Hi Chris,

On Wed, Aug 28, 2013 at 5:16 AM, Christopher Medrela <
[email protected]> wrote:

> 1. One of my questions left unanswered on the pull request [1] (I mean
> this one
> about documentation and `__str__` use.).
>

I've left a comment on the pull request, I've given the same comment in a
previous message on this thread. Short version; I think there's potential
for other levels to be used.

(that said.. .I get the feeling I think I might have commented on the wrong
comment -- it wasn't completely clear from the link you provided)

2. I've finished rewriting admin checks. I've renamed `admin_validation` to
> `admin_checks`. I would like you to have a deep look at `fk_name` and
> `exclude` checks [2] as well as `inline_formsets` tests [3] (especially
> error
> messages).
>

I'm not sure I follow what you've done with the exclude and fk_name checks
here -- it looks like you've added some new checks, but I can't make out
exactly why those checks are needed.

I'm also not wild about the fact you've changed forms code along the way.

2a. "applabel.modellabel[.fieldname]" is the format of error messages for
> models
> and fields.

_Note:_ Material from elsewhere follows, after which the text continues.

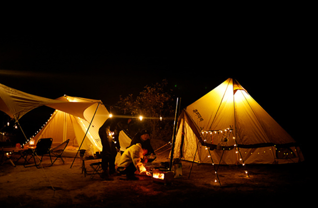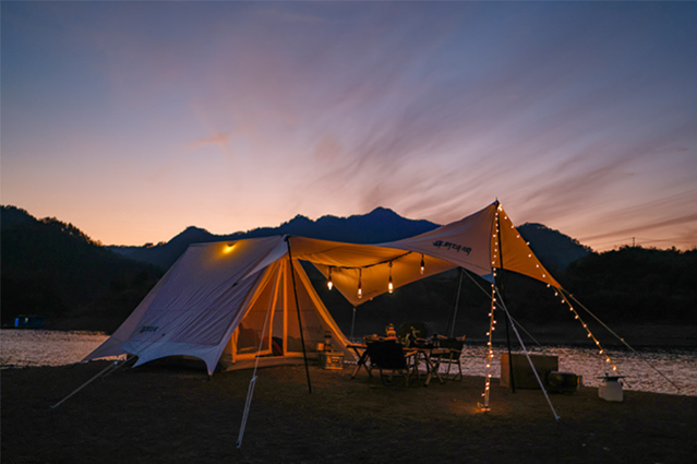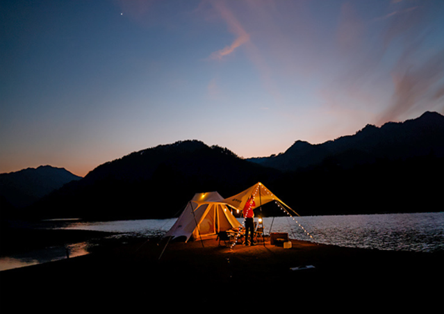 看着夕阳缓缓落下,我们的帐篷营地也搭建好了,这款喜马拉雅的蒙古包,搭配天幕一起,真的是美极了。点亮氛围灯,望着山脚下的查济村,祥和、安静、美好。做了一些我们自带的美味,美美的睡上一觉,期待日出的到来。

How should the one for admin look like? I propose
> "applabel.ModelAdminClassName".
>

This sounds reasonable to me; the only other idea I could suggest would be
to include a '.admin' namespace in there, so it's clear that the error is
part of an admin registration, but I'm not convinced that's needed.

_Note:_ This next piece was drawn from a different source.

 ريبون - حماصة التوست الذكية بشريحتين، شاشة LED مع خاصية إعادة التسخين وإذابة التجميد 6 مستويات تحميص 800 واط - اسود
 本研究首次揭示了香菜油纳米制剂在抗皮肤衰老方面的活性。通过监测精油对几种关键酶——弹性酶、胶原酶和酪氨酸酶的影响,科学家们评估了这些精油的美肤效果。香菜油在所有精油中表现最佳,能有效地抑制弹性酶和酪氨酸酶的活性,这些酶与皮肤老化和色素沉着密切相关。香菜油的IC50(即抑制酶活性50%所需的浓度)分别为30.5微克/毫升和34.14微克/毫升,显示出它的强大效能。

> 2b. BaseModelAdmin, ModelAdmin and InlineModelAdmin classes and their
> checks
> live in separated files. `options.py` defines these classes, but checks
> lives
> in `checks.py`. We want to have these two issues separated, otherwise class
> definitions would become too long. Python does not support open classes,
> so we
> cannot just add some `_check_*` methods in `checks.py` to existing classes
> defined in `options.py`.
>
> The current approach is that `check` method is defined in `options.py`,
> but it
> delegates to appropriate functions in `checks.py` [4]. Yes, I use
> functions --
> there is no need to have validator class, because we don't need to store
> anything in its instances. However, the code is really ugly. I wonder if
> there
> is any better approach.
>

Yes, there is. It's called object orientation and classes :-)

The existing validation code already does this fairly elegantly - the only
difference for your code is that you need to return multiple errors, not
just raise an exception. I'm not sure why you've tried to re-invent this
particular wheel.

Russ %-)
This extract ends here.